Although this theory of management is not popular in the contemporary society, it still applies and is used in several situations. The reason for unpopularity is that many views it as complex and one that does not favour creativity and innovativeness. Taking a close look at my setting (the hospital) it is obvious that even this theory applies. It may not apply in its entirety, but it applies all together. In the hospital environment, there is a hierarchy of health care institutions. There are levels running from the primary health care institutions and dispensaries to level VI hospitals (Ginter, Duncan and Swayne, 2018). Each higher-level handle more complex conditions and situations. There is also the division of labour. In the health care environment, a patient sees the physician for diagnosis, a pharmacist for prescription of drugs, a nurse for administration of drugs or feeds (for patients who may require this) and a nutritionist/dietitian for food and dietary advice. There are also other specialists such as oncologists, eye specialists etc. Appointments are also done in a very formal manner and is based on experience/skills/competence. There are set guidelines to determine various operations (Thompson, 2017). For instance, in management of severe acute malnutrition, there are certain guidelines followed. A nutritionist can therefore predict the interventions that will be carried out to a child who presents with malnutrition. The illustrations above point out the aspects of bureaucratic management used in the hospital care setting.

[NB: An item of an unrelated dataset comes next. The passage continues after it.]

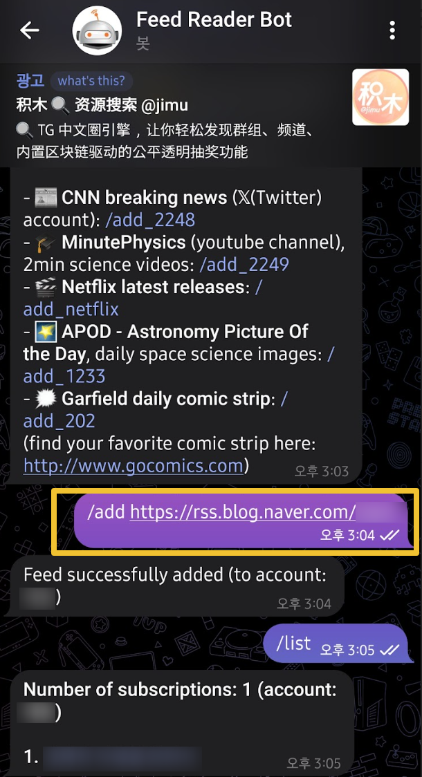 텔레그램에서 @TheFeedReaderBot 검색 후 [시작] 버튼 클릭

Benefits and Challenges of Bureaucracy

One of the benefits this theory is that the role of the manager is clearly defined. One clearly understands their role and endeavour to ensure that they paly it well. The clarity ensures that there are little or no conflicts in the workplace concerning who is supposed to be playing a certain role. Another benefit is that the organisation of hospitals into levels leads to efficiency. The lower levels are many and near the villages or estates where people live. They deal with the common conditions. The organisation is in such a way that the more complex conditions are handled at higher levels. The theory also ensures increased effectiveness of administration.

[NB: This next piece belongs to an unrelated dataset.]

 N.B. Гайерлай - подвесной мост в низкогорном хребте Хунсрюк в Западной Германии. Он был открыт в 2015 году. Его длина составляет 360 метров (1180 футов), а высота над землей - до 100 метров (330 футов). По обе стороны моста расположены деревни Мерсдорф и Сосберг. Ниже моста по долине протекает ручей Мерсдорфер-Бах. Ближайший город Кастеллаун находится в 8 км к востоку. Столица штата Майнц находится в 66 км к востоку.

There are also some disadvantages/challenges associated with this theory. These challenges are probably the reason why the theory is not popular today. One of such challenges is that it is difficult to adopt the theory in its entirety (Shafritz, Ott and Jang, 2015). Another disadvantage is that it discourages innovation and creativity. This is because there are set guidelines that stipulate what should be done under certain circumstances. In such a situation, flexibility is difficult, and this makes creativity and innovativeness unlikely. Another disadvantage is that the welfare of the employees in not given a priority. As seen earlier, the greatest determinant of productivity of an institution/organisation is the employees. If the welfare and wellbeing of the employees is not given priority, it follows that the productivity is likely to be low (Maylor, Meredith, Söderlund and Browning, 2018). It can therefore be concluded that this theory, like all the others, has its advantages and challenges.